Moreover, many works have shown that the future Transformer architecture design may have even fewer attention heads. For example, Bian et al. (2021) demonstrate that Transformers with a single head outperforms its multi-head counterparts, representing a challenging scenario for solutions like Megatron-LM.
Q4: One issue is the assumption of causal learning tasks and thus the limitation of the approach to uni-directional Transformer architectures. The approach does not translate to bi-directional models, such as BERT, where long sequences are becoming a problem just as well.
A4: We thank the reviewer for pointing this out. We focus on the optimization for the GPT-based model (specifically, the Llama models) as it’s the most popular model architecture in recent days. The evaluation of bi-directional models is out-of-scope in this paper. However, we respectfully disagree that our approach is therefore only limited to uni-directional Transformer architectures. The DistAttn can be easily applied to bi-directional models by simply disabling the load-balancing scheduler. The load-balancing optimization is proposed to address the bubble caused by causal modeling. But there’s no bubble when handling bi-directional attention, in which case the vanilla design of DistAttn w/o load-balancing scheduling will be good enough.

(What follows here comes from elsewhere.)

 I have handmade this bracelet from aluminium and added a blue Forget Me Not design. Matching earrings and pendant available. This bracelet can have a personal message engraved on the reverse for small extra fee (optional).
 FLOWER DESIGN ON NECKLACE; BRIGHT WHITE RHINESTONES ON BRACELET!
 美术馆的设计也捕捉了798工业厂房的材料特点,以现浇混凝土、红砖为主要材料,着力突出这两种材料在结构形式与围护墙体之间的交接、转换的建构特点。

Q5: My main concern however is the limited experimental evaluation, which focuses solely on comparing to Megatron-LM and only on Llama model variants, even though the authors mention other sequence-parallel approaches.

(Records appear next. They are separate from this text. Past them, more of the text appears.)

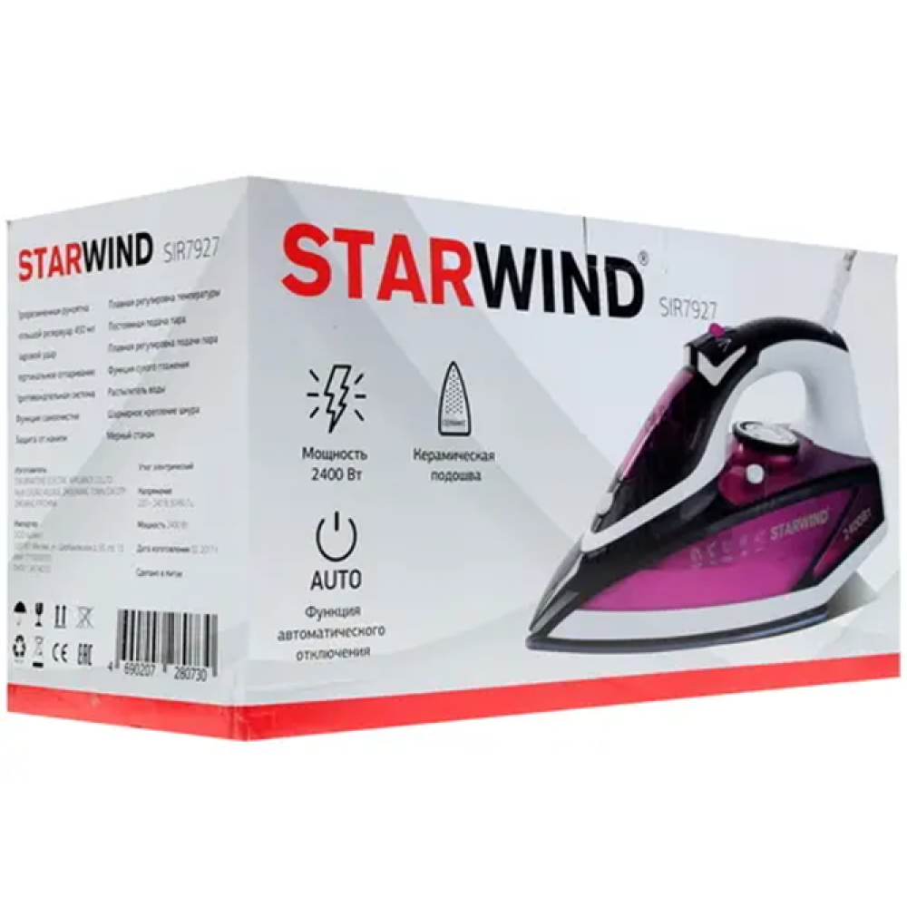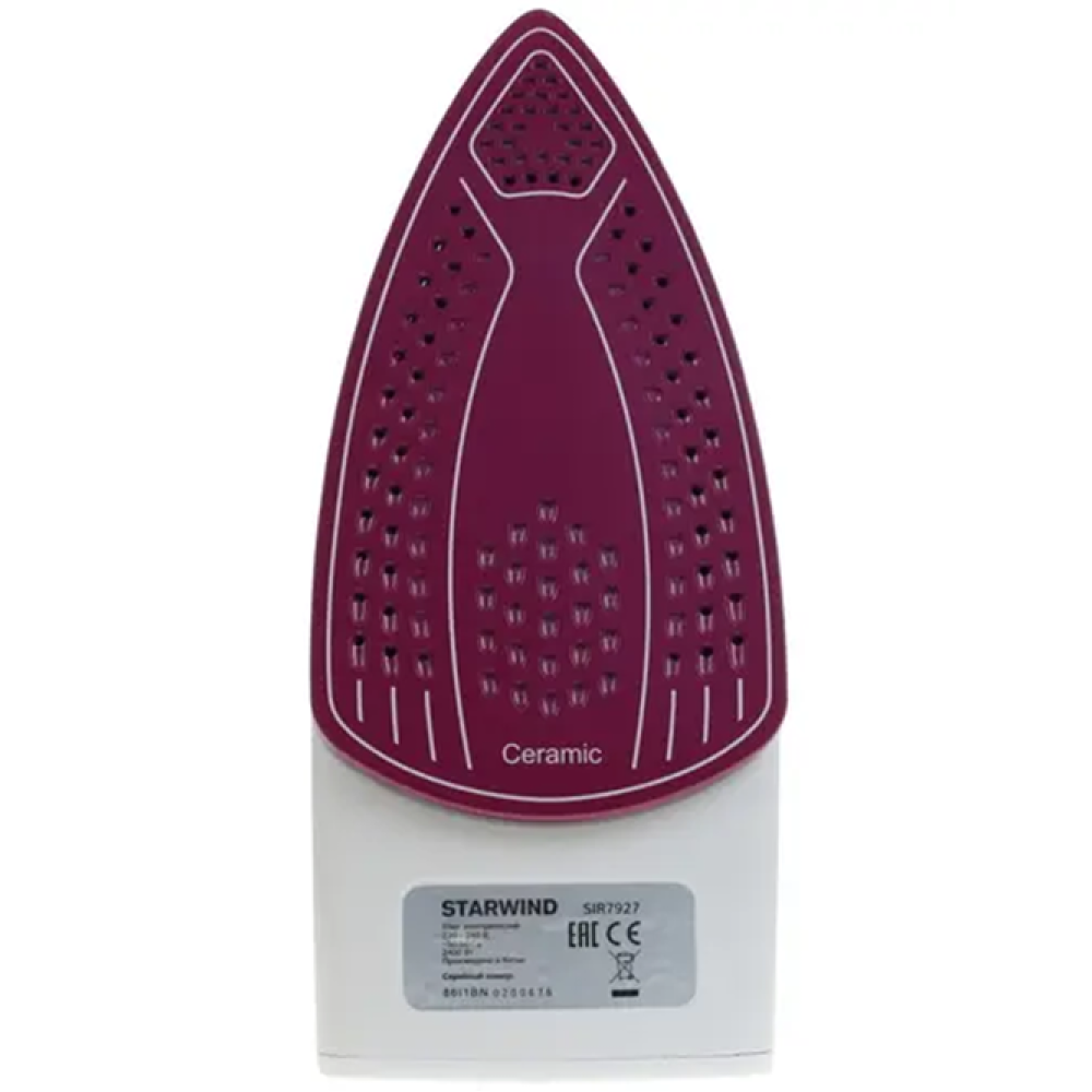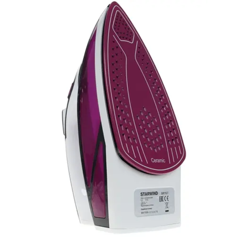 Утюг STARWIND SIR7927 обладает подошвой с керамическим покрытием, которое обеспечивает легкое скольжение устройства по тканям различных видов, препятствуя образованию блестящих следов. Несомненным преимуществом этого домашнего помощника является наличие заостренного носика, позволяющего добраться в наиболее труднодоступные места на одежде, например, к ткани между пуговицами.
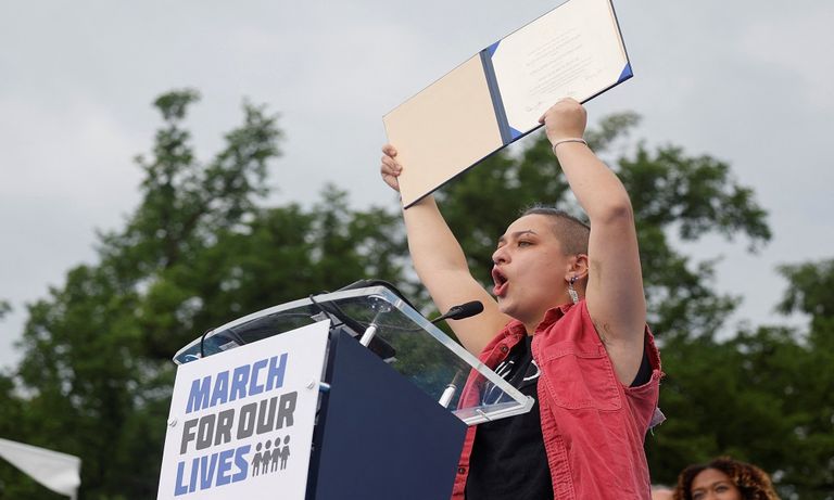 وقالت منظمة "مسيرة من أجل حياتنا"، التي أسَّسها الطلاب الذين نجوا من "مذبحة" عام 2018 في مدرسة ثانوية في باركلاند بولاية فلوريدا: إنها خططت لتنظيم أكثر من 450 تجمعًا السبت، في نيويورك ولوس أنجلوس وشيكاغو، مشيرة إلى أن 40 ألف شخص تجمعوا في ناشونال مول بالقرب من نصب واشنطن التذكاري، تحت أمطار خفيفة.
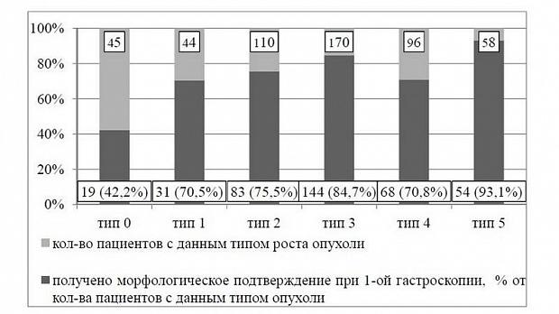 По данным многих авторов (Соколов Л.К., 1971; Мельников Р.А., 1973; Kabayachi et. al., 1970) морфологический анализ биопсийного материала позволяет диагностировать рак желудка в 95-100%. Однако, как было замечено P.Hermanek (1973), ошибки щипцовой биопсии достигают 8-60%. К причинам, обуславливающим ошибочные результаты при исследовании биопсийного материала, относятся: неверный выбор участка для забора материала, взятие недостаточного количества фрагментов ткани, отсутствие подробного описания мест забора материала, предполагаемого диагноза и клинических проявлений заболевания. J.Deutsch (1999) утверждал, что при биопсии, выполненной из одной точки «язвы» желудка, подозрительной на ее злокачественный генез, вероятность постановки правильного диагноза составляет 70%, при биопсии в 8 точках эта вероятность повышается до 95 – 99%.

A5: We also compared with DeepSpeed Ulysses (one concurrent work within one month of the submission deadline) in Appendix B Table 4, we moved the discussion and comparison with DeepSpeed Ulysses to the experiment section in the updated version. We show LightSeq has up to 1.44x speedup in the intra-node setting and up to 2.01x speedup in the cross-node setting.
In addition, we added a comparison with the 4D sequence parallelism work over Llama-7B, and quantitatively shows that LightSeq supports at least 8x longer sequences and roughly 5x faster training.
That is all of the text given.